Only fitting then that the app’s founder and CEO, Daniel Cocanougher, was once the owner of FUNimation, a company that produced Japanese programs such as Dragon Ball Z for American television. He left FUNimation in 2007 and went on to found numerous businesses in the years following. Cocanougher now runs Allcal with his daughter Danielle, who serves as vice president.

Allcal is a free scheduling app that allows users to create calendars that either a single person or a group of people can use. That way, if someone makes a change on the group calendar, each person connected to the calendar receives a notification that a change has been made. The app has several other features as well, such as “Estimated Time of Arrival,” which uses a phone’s location services to show how many minutes away a person is from an event.

Allcal was launched in May 2014, but before that, Daniel Cocanougher had to convince his daughter to leave her job in television news production and join him in the mobile app business.

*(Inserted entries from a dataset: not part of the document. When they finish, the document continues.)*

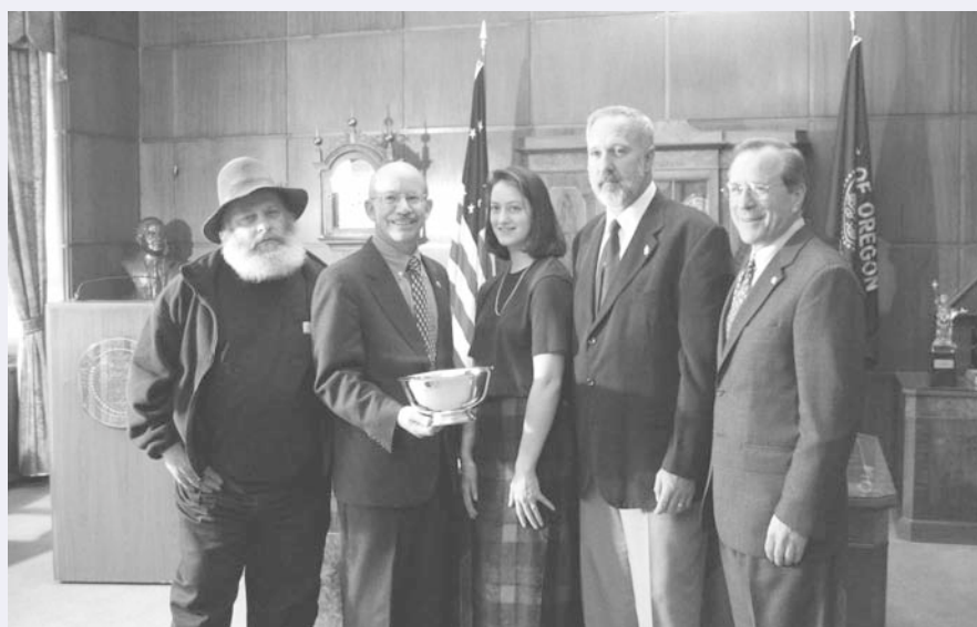
Governor Kulongoski meets with Rep. DeFazio and several scholarship recipients to discuss funding for higher education.

In the future, congressional pay raises should be no more than the Social Security COLA. Cuts to balance the budget should start at the top with congressional pay and not with the most vulnerable.
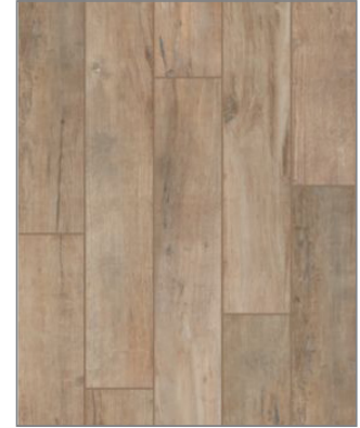
NATURAL DRIFTWOOD T859-MB04
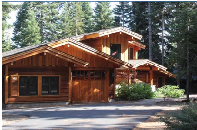
A new single family house

Upon adoption of the 1987 Regional Plan, new subdivisions were prohibited and each vacant residential parcel was assigned one residential development right. To build a home, a property owner must have a development right, a “buildable” IPES number and a residential allocation. Alternatively, multi-family units can be created in appropriately zoned areas by completing certain environmental enhancements and obtaining a multi-residential bonus unit from TRPA. In February 2015, there were 1,094 vacant residential parcels (development rights) in the Plan area.
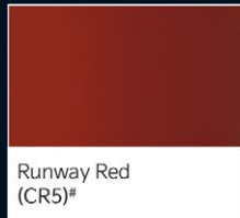
Runway Red (CR5) #

So he invited her to lunch at Japanese restaurant Tei-An in Dallas.

“That’s a very far drive for him and very weird,” Danielle Cocanougher said. “I already knew something was up.”

During lunch, her father pulled out his phone and showed her the prototype of the app. Seeing how it worked, she was quickly convinced that he was onto something special.

“I immediately knew that if I didn’t become a part of it, that I would be kicking myself later,” she said. “It looked like something that could really change the way that people plan their lives.”

That same week, she quit her job and decided to work for Allcal full time.

Over a year later, the app has been downloaded more than 9,000 times and currently is the No. 2 social planning app for iPhone worldwide, according to app ranking website App Annie.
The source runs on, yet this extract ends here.